→ Work instruction: Starting at the top of the entries below, print each line exactly until the line with "在学校教师发展中心及院部领导" has been printed too.

-- Entries shown follows --

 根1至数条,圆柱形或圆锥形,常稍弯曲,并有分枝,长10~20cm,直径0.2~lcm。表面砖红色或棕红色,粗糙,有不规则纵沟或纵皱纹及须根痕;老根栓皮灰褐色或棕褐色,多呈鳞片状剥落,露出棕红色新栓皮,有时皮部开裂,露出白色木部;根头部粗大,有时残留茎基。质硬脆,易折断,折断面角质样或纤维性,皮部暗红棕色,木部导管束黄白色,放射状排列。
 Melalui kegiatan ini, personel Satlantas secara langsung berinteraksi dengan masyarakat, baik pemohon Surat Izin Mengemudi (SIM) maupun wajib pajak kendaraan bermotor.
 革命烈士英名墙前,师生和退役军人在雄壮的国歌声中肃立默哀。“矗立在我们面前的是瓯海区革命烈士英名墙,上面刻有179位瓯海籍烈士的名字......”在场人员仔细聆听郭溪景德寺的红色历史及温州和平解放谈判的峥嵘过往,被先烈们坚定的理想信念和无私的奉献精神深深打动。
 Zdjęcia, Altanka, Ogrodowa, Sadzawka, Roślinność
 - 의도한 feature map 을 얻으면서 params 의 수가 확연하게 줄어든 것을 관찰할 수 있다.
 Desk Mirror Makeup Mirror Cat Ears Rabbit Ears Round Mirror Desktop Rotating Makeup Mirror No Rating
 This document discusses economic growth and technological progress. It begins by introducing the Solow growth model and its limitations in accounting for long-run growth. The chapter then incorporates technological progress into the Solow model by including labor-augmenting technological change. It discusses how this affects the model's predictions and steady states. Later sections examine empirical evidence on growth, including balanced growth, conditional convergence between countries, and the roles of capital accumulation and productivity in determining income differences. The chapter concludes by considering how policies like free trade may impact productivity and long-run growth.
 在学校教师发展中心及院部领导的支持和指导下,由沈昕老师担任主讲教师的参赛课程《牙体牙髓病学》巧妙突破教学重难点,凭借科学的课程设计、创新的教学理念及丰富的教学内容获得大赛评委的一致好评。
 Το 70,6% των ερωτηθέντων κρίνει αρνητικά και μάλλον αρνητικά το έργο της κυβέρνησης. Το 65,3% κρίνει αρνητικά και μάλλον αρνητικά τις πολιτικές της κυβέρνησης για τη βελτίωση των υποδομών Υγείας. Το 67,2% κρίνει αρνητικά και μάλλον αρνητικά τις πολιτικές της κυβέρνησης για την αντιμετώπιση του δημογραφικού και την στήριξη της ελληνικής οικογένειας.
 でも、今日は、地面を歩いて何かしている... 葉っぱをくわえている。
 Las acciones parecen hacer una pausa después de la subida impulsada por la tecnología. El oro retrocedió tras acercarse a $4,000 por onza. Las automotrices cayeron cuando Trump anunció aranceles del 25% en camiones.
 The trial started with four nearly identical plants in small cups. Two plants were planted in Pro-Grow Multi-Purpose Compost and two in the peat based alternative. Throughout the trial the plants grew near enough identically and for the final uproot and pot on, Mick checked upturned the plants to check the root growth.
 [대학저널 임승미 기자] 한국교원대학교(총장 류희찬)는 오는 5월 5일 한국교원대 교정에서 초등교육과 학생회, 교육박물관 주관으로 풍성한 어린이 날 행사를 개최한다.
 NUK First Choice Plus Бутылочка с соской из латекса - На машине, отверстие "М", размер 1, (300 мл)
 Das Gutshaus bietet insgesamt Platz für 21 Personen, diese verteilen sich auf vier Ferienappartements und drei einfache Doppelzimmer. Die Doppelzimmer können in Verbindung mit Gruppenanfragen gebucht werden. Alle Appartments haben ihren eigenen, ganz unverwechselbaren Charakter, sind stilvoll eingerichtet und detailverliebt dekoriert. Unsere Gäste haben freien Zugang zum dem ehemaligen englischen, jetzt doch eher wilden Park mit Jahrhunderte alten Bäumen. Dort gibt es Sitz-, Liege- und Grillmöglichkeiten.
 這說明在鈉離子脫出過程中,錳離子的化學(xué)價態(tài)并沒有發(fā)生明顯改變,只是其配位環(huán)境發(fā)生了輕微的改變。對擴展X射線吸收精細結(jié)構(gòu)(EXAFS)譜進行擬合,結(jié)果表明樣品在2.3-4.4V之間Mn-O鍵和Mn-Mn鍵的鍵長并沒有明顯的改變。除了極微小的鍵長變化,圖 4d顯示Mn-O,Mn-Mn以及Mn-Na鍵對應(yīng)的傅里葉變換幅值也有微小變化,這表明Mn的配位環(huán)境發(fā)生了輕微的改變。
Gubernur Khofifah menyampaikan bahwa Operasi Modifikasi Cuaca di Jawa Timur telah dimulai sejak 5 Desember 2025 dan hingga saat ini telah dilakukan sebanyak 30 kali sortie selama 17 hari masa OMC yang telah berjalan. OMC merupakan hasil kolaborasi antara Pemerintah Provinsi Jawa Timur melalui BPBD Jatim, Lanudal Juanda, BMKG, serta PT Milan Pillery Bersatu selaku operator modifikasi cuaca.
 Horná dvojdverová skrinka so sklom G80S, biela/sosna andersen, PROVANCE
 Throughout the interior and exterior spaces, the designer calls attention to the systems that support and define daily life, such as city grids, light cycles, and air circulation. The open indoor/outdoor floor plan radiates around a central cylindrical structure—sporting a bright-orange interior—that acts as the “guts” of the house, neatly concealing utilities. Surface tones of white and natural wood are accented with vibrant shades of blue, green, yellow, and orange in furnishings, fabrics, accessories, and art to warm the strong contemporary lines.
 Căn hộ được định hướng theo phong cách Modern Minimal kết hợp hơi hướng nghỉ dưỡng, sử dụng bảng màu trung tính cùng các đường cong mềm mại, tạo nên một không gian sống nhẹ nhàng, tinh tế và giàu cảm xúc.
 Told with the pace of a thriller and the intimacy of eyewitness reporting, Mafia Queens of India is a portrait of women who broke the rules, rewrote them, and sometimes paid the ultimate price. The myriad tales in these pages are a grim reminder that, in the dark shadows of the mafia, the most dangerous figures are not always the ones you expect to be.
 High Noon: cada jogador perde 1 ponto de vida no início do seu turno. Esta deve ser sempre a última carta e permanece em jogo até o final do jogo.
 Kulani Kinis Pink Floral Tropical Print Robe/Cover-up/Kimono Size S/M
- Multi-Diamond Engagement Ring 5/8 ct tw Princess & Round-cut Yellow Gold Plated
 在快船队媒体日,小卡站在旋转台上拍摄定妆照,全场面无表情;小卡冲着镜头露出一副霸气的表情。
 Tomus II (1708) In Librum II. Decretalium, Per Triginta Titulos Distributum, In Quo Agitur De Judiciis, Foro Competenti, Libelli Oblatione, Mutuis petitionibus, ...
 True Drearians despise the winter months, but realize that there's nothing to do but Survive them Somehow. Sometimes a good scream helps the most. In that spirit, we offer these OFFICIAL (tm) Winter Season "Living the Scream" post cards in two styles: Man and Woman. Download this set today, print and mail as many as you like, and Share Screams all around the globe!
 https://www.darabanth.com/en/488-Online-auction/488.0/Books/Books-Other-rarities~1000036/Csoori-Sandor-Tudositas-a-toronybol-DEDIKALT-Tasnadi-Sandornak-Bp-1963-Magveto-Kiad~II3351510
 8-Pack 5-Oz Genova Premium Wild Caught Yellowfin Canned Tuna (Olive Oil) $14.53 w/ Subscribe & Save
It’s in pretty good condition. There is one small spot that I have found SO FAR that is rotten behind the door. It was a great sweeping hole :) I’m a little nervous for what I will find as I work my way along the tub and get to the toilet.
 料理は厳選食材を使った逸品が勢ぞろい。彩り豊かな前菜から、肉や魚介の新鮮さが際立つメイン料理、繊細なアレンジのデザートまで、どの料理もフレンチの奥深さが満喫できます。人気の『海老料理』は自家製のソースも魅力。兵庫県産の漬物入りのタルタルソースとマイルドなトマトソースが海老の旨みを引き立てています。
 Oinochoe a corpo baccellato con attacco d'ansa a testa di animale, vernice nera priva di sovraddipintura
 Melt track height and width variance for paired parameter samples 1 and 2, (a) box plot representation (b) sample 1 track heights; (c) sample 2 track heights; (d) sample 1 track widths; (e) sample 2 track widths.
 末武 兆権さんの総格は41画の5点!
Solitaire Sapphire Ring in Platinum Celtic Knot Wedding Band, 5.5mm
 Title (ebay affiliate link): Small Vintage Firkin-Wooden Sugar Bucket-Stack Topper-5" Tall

-- Entries shown concluded --

→ Result:
 根1至数条,圆柱形或圆锥形,常稍弯曲,并有分枝,长10~20cm,直径0.2~lcm。表面砖红色或棕红色,粗糙,有不规则纵沟或纵皱纹及须根痕;老根栓皮灰褐色或棕褐色,多呈鳞片状剥落,露出棕红色新栓皮,有时皮部开裂,露出白色木部;根头部粗大,有时残留茎基。质硬脆,易折断,折断面角质样或纤维性,皮部暗红棕色,木部导管束黄白色,放射状排列。
 Melalui kegiatan ini, personel Satlantas secara langsung berinteraksi dengan masyarakat, baik pemohon Surat Izin Mengemudi (SIM) maupun wajib pajak kendaraan bermotor.
 革命烈士英名墙前,师生和退役军人在雄壮的国歌声中肃立默哀。“矗立在我们面前的是瓯海区革命烈士英名墙,上面刻有179位瓯海籍烈士的名字......”在场人员仔细聆听郭溪景德寺的红色历史及温州和平解放谈判的峥嵘过往,被先烈们坚定的理想信念和无私的奉献精神深深打动。
 Zdjęcia, Altanka, Ogrodowa, Sadzawka, Roślinność
 - 의도한 feature map 을 얻으면서 params 의 수가 확연하게 줄어든 것을 관찰할 수 있다.
 Desk Mirror Makeup Mirror Cat Ears Rabbit Ears Round Mirror Desktop Rotating Makeup Mirror No Rating
 This document discusses economic growth and technological progress. It begins by introducing the Solow growth model and its limitations in accounting for long-run growth. The chapter then incorporates technological progress into the Solow model by including labor-augmenting technological change. It discusses how this affects the model's predictions and steady states. Later sections examine empirical evidence on growth, including balanced growth, conditional convergence between countries, and the roles of capital accumulation and productivity in determining income differences. The chapter concludes by considering how policies like free trade may impact productivity and long-run growth.
 在学校教师发展中心及院部领导的支持和指导下,由沈昕老师担任主讲教师的参赛课程《牙体牙髓病学》巧妙突破教学重难点,凭借科学的课程设计、创新的教学理念及丰富的教学内容获得大赛评委的一致好评。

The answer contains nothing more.